In front, on the slopes between the spectator and the village, is the First Corps of the Prussian army commanded by Zieten, its First Brigade under STEINMETZ occupying the most salient point. The Corps under THIELMANN is ranged to the left, and that of PIRCH to the rear, in reserve to ZIETEN. In the centre-front, just under the mill, BLÜCHER on a fine grey charger is intently watching, with his staff.

Something dark is seen to be advancing over the horizon by Fleurus, about three miles off. It is the van of NAPOLEON'S army, approaching to give battle.

At this moment hoofs are heard clattering along a road that passes behind the mill; and there come round to the front the DUKE OF WELLINGTON, his staff-officers, and a small escort of cavalry.

WELLINGTON and BLÜCHER greet each other at the foot of the windmill. They disappear inside, and can be heard ascending the ladders.

Enter on the roof WELLINGTON and BLÜCHER, followed by FITZROY SOMERSET, GNEISENAU, MUFFLING, and others. Before renewing their conversation they peer through their glasses at the dark movements on the horizon.

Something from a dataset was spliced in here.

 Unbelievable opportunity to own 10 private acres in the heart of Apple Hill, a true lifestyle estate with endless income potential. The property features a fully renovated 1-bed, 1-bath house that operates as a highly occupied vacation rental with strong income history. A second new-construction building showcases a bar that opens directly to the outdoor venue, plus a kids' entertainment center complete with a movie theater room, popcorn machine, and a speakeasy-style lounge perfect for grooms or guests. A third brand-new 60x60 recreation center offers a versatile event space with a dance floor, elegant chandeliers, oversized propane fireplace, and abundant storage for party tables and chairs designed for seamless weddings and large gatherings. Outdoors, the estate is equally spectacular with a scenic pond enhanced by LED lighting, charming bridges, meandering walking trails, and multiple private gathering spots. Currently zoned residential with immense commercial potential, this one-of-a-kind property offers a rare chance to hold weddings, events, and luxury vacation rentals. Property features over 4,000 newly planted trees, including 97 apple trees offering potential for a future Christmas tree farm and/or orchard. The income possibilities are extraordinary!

WELLINGTON'S manner is deliberate, judicial, almost indifferent; BLÜCHER'S eager and impetuous.

WELLINGTON

They muster not as yet in near such strength At Quatre-Bras as here.

BLÜCHER

'Tis from Fleurus They come debouching. I, perforce, withdrew My forward posts of cavalry at dawn In face of their light cannon.... They'll be here I reckon, soon!

WELLINGTON [still with glass]

I clearly see his staff, And if my eyes don't lie, the Arch-one too.... It is the whole Imperial army, Prince, That we've before us. [A silence.] Well, we'll cope with them! What would you have me do?

[BLÜCHER is so absorbed in what he sees that he does not heed.]

GNEISENAU

Duke, this I'd say: Events suggest to us that you come up With all your force, behind the village here, And act as our reserve.

MUFFLING

But Bonaparte, Pray note, has redistributed his strength In fashion that you fail to recognize. I am against your scheme.

BLÜCHER [lowering his glass]

Signs notify Napoleon's plans as changed! He purports now To strike our left--between Sombreffe and Brye.... If so, I have to readjust my ward.

WELLINGTON

One of his two divisions that we scan Outspreading from Fleurus, seems bent on Ligny, The other on Saint-Amand.

BLÜCHER

Well, I shall see In half an hour, your Grace. If what I deem Be what he means, Von Zieten's corps forthwith Must stand to their positions: Pirch out here, Henckel at Ligny, Steinmetz at La Haye.

WELLINGTON

So that, your Excellency, as I opine, I go and sling my strength on their left wing-- Manoeuvring to outflank 'em on that side.

BLÜCHER

True, true. Our plan uncovers of itself; You bear down everything from Quatre-Bras Along the road to Frasnes.

WELLINGTON

I will, by God. I'll bear straight on to Gosselies, if needs!